19:23:08 <clarkb> just be sure the docker images rebuild too
19:23:25 <clarkb> I think that is my slight preference simply because the dns is easier to manage
19:23:46 <clarkb> but we will have to update PBL? we may have to do that with vexxhost too? May be good to ask mnaser__ if he has an opinion on it
19:25:08 <fungi> i expect to do a broad sweep of blocklists for the new server ip addresses regardless, and put in exclusion requests
19:25:17 <clarkb> ++
19:25:26 <fungi> well in advance of any maintenance to put it into production
19:26:10 <clarkb> then ya my preference is slightly towards rax as it gives us a bit more direct control over things we may need to edit/control
19:26:22 <clarkb> but I'm happy if others feel the opposite way and override me on that :)
19:26:36 <clarkb> we also have a bit more time to sort that out while we do the rechecking of things in the images
19:27:07 <clarkb> #topic Python base image updates for wheel installs
19:27:11 <clarkb> #link https://review.opendev.org/c/opendev/system-config/+/862152
19:27:37 <clarkb> I don't want to single core approve this change as it will affect a number of our images. ianw you spent a bit of time with the siblings stuff and it might be good for you to double check it from that angle?
19:27:52 <clarkb> I do think we should land a change like this though as it should make us more resilient to pip updates in the future
19:28:15 <ianw> ahh yes sorry, i meant to review that.  i'll give it a proper review today
19:28:32 <clarkb> thanks. It isn't super urgent but would be good to have before the next pip update :0
19:28:34 <clarkb> er :)
19:28:49 <clarkb> #topic Etherpad container log growth
19:29:07 <clarkb> ianw: I know you' ve been busy with bridge and k8s and stuff. Any chance there is a change for this yet?
19:29:26 <clarkb> if you'd like I can try to take a stab at it too. Would probably be good to better understand that container logging stuff anyway
19:30:13 <ianw> sorry, yes i got totally distracted in zuul-jobs.  i can do it and we can check it all works
19:30:28 <clarkb> ok
19:30:43 <clarkb> #topic Quo vadis Storyboard
19:30:49 <clarkb> I learned me a latin yesterday
19:31:18 <frickler> sorry, had that 6 years in school ;)

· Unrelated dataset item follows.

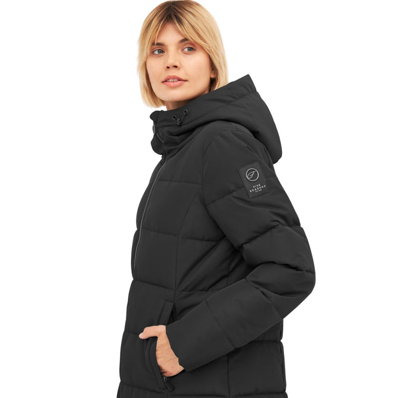 Five Seasons Effie JKT W je dugačka ženska zimska jakna. Ova jakna je dostupna u crnoj boji, dužeg je kroja i veoma lepo se uklapa u sportsko/elegantan stil. Rebrast dizajn jakne upotpunjava logo brenda Five Seasons na rukavu, a duboka kragna sa učkurima na podešavanje vam pruža zaštitu od hladnoće. Ženska jakna se zatvara na cibzar, ima kapuljaču koja će vas zaštititi od vetra i dva bočna džepa za odlaganje sitnica koja se zatvaraju na cibzar. Shodno da je ova zimska jakna pogodna za snežne i hladne dane, nosićete je sa uživanjem i bićete ugrejani kada je najhladnije. Moderan izgled jakne lako će se uklopiti u mnoge odevne kombinacije savremene žene.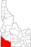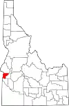 | Canyon | 1892 | La gorge de la Boise River ou la gorge de la Snake River qui fait office de frontière naturelle avec le comté d'Owyhee | Caldwell | 198 871 | 1 563 | 1 521 | 42 | 130,7 | 5,3 % | ![]() |

19:31:28 <clarkb> During/after the PTG it became apparent that a number of projects were looking at moving off of storyboard
19:32:30 <clarkb> In an effort to help converge discussion (or attempt to) as well as better understand the usage of storyboard I started a thread on service-discuss to gatherfeedback on storyboard and hopefully identify people who might be willing to help maintain it
19:33:03 <clarkb> The feedback so far as been from those looking at moving away. We have not yet identified any group that has indicated a desire to keep using storyboard or help maintain it.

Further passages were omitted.